Content starts

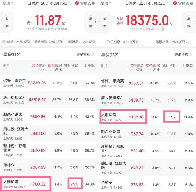 此后几日,《人潮汹涌》的逆袭之路不竭显现,在单日票房上更是连续超过《新神榜:哪吒重生》《熊出没:狂野大陆》以及《刺杀小说家》等影片,在单日票房的排名上更是从第6到第5,再到第4,以及目前第3的位置,成为春节档以后最有潜力的影片。
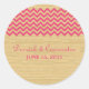 Modernos y modernos stickers Rustic Chevron Wedding con un fondo de textura de carpintería impreso en arte digital y un patrón de zag zig de rayas de chevron magenta. Este diseño es perfecto para una boda rústica y elegante. Fácil de personalizar, simplemente añada los detalles de su boda. Haga clic en "Personalizar" para encontrar más opciones de personalización.
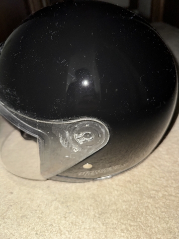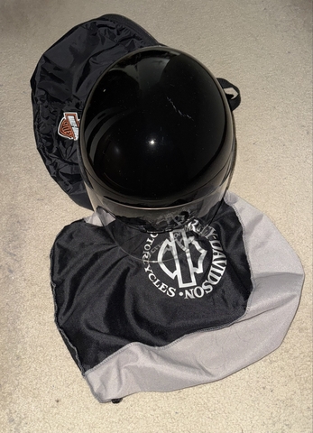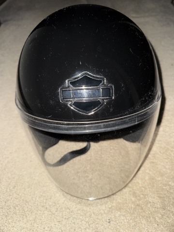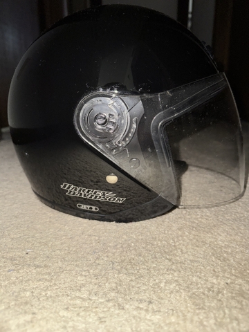 This 3/4 Harley helmet is size Medium, worn several times, never exposed to any harsh elements. Equipped with flip up visor and push button vent. Cleaned only with dry rag. There is one area with a scuff mark (shown in photos). Overall it is in very good condition. Comes with storage pouch and zipper bag. $40 CASH, in person only, in Hays.
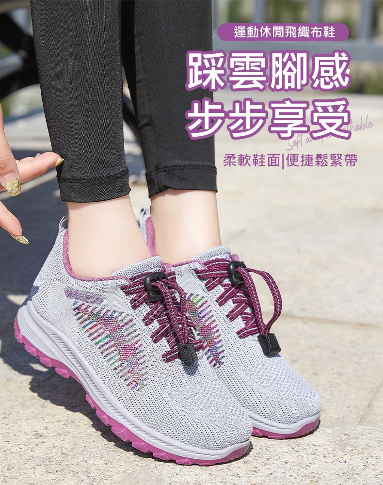 【踩雲腳感!】女士飛織運動鞋【灰色】+【紫色】各一雙(優惠400)
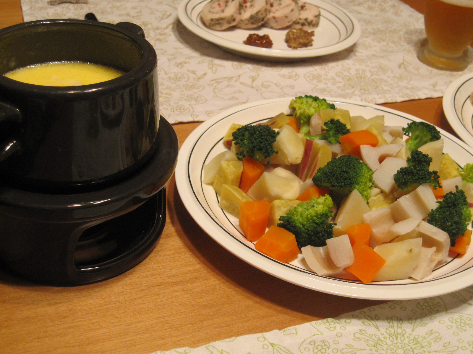 茹でただけの野菜とパンの切れはしでチーズフォンデュ。
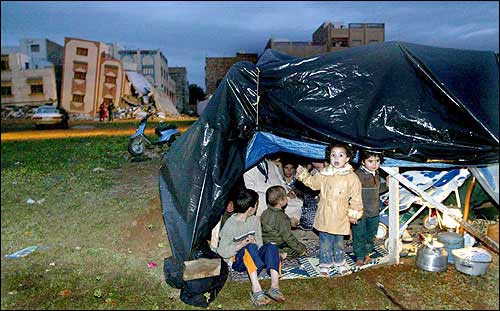 A family takes shelter under a plastic tent after their home was destroyed in Im Zourem, Morocco, during an earthquake. Tuesday's temblor, which struck while most people were sleeping, killed at least 560 people.
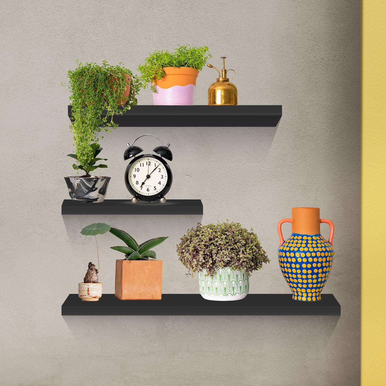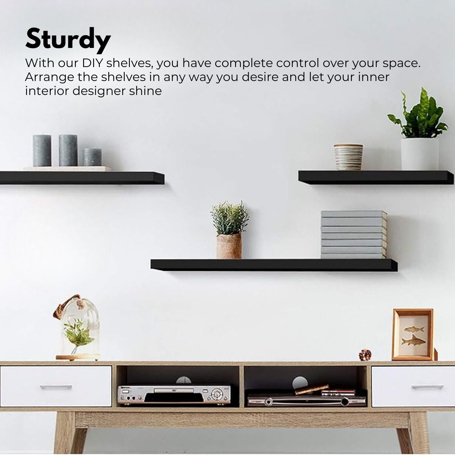 - DIY Available: can place however layout you like - Solid Material: made of mdf and is 3.5cm thick - Space Saving - 3 Size available: 80, 30, 50cm - Easy to set up: screw the holder on the all and insert the shelf according to predrill hole
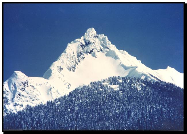 Following the obvious west ridge of Nachaktsen, logged to 3100 feet 50 years ago, then up through that usual dreary old-growth stuff, we hit snow at about 4200'. Ducking around the south side of the rocky summit-tuft of Nachaktsen, we finished the last 200' vertical from the east over class 3 rock and ledges. The summit was uncairned.
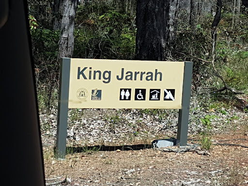King Jarrah tree about 2klms out of the town of Manjimup. Easy access in gravel road, plenty of parking, for long vechiles as well. The main area information board, table and chairs, walking trails. First display is a cut section of a tree, which is a birth tree of Queejup, a Noongar Stockman lived in the late 1800s. Then about 80m to King Jarrah tree which has a elevated boardwalk around the tree trunk. This is a lovely bush setting that is great for picnics...
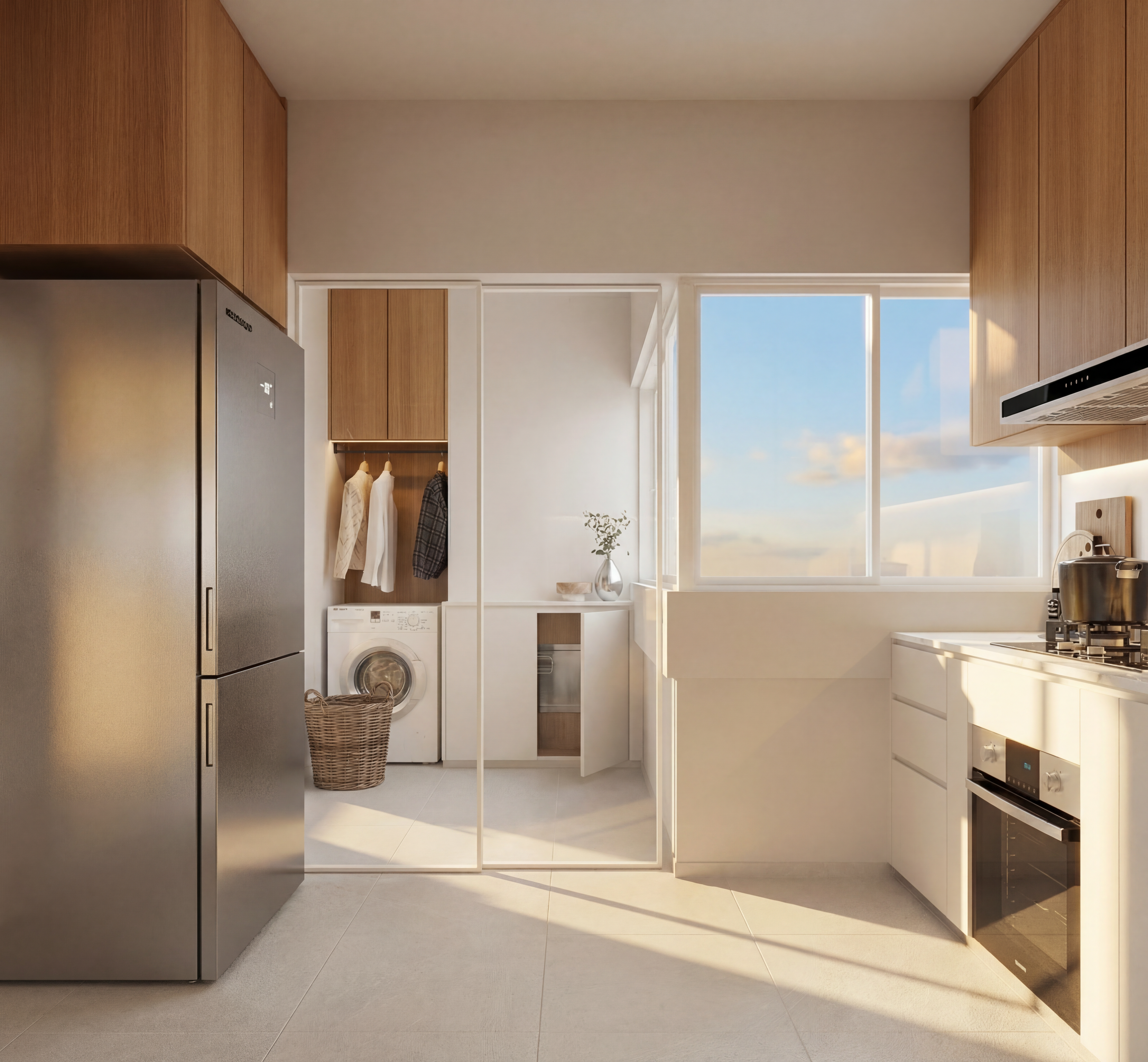 convert this floor plan into a realistic isometric 3d view of a full house show the space from an elevated angle with furniture walls and details visible minimalist decor scandinavian style flooring in wood sofa beige bedding in white and beige use the same furniture as shows on the plan do not change the orientation of the floorplan

Content ends

• [Exercise description]: In the listing above, find the line containing "茹でただけの野菜とパンの切れはしでチーズフォンデュ。" and the line containing "A family takes", then return both of them and every line between, exactly, without pictures.

• [Solution to this problem]:
 茹でただけの野菜とパンの切れはしでチーズフォンデュ。
 A family takes shelter under a plastic tent after their home was destroyed in Im Zourem, Morocco, during an earthquake. Tuesday's temblor, which struck while most people were sleeping, killed at least 560 people.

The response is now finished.